(Source data)
· · · ·

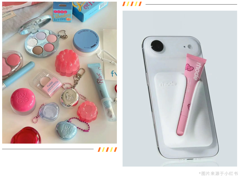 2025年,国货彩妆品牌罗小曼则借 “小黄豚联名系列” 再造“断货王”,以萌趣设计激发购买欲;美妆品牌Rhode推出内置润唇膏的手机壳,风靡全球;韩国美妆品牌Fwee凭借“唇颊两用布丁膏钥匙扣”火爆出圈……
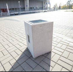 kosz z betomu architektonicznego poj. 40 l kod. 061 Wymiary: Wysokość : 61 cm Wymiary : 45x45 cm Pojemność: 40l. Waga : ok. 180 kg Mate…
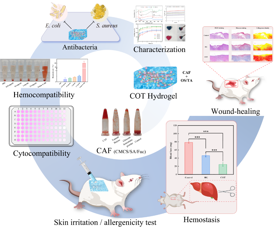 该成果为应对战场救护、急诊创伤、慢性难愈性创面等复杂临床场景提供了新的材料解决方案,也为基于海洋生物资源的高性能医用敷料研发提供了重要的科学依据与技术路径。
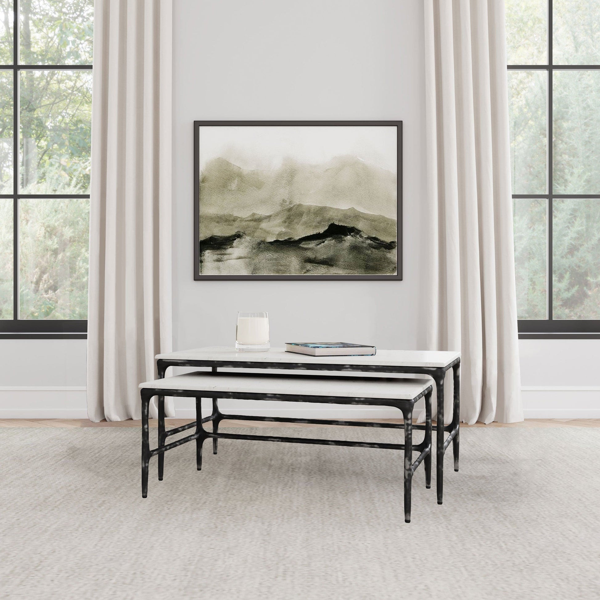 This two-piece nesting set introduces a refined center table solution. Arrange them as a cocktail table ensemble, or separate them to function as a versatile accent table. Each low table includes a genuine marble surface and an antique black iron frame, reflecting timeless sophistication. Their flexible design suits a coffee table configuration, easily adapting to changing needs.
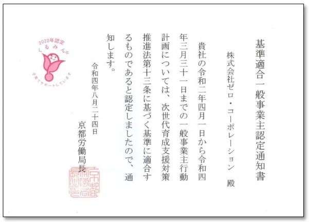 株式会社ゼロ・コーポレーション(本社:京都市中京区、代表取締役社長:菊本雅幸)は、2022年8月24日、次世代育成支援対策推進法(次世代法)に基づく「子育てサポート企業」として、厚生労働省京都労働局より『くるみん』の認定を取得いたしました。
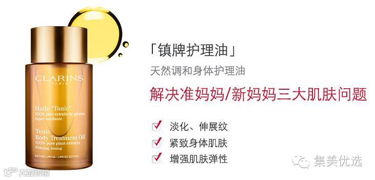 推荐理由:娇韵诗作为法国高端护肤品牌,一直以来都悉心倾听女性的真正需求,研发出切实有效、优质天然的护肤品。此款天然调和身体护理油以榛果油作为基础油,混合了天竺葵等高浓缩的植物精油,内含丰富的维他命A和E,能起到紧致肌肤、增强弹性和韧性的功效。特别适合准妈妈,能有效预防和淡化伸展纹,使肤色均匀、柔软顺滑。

· · · ·

[Task details]
The copy must match every line of the data exactly and contain no pictures.

[Answer section]
 2025年,国货彩妆品牌罗小曼则借 “小黄豚联名系列” 再造“断货王”,以萌趣设计激发购买欲;美妆品牌Rhode推出内置润唇膏的手机壳,风靡全球;韩国美妆品牌Fwee凭借“唇颊两用布丁膏钥匙扣”火爆出圈……
 kosz z betomu architektonicznego poj. 40 l kod. 061 Wymiary: Wysokość : 61 cm Wymiary : 45x45 cm Pojemność: 40l. Waga : ok. 180 kg Mate…
 该成果为应对战场救护、急诊创伤、慢性难愈性创面等复杂临床场景提供了新的材料解决方案,也为基于海洋生物资源的高性能医用敷料研发提供了重要的科学依据与技术路径。
 This two-piece nesting set introduces a refined center table solution. Arrange them as a cocktail table ensemble, or separate them to function as a versatile accent table. Each low table includes a genuine marble surface and an antique black iron frame, reflecting timeless sophistication. Their flexible design suits a coffee table configuration, easily adapting to changing needs.
 株式会社ゼロ・コーポレーション(本社:京都市中京区、代表取締役社長:菊本雅幸)は、2022年8月24日、次世代育成支援対策推進法(次世代法)に基づく「子育てサポート企業」として、厚生労働省京都労働局より『くるみん』の認定を取得いたしました。
 推荐理由:娇韵诗作为法国高端护肤品牌,一直以来都悉心倾听女性的真正需求,研发出切实有效、优质天然的护肤品。此款天然调和身体护理油以榛果油作为基础油,混合了天竺葵等高浓缩的植物精油,内含丰富的维他命A和E,能起到紧致肌肤、增强弹性和韧性的功效。特别适合准妈妈,能有效预防和淡化伸展纹,使肤色均匀、柔软顺滑。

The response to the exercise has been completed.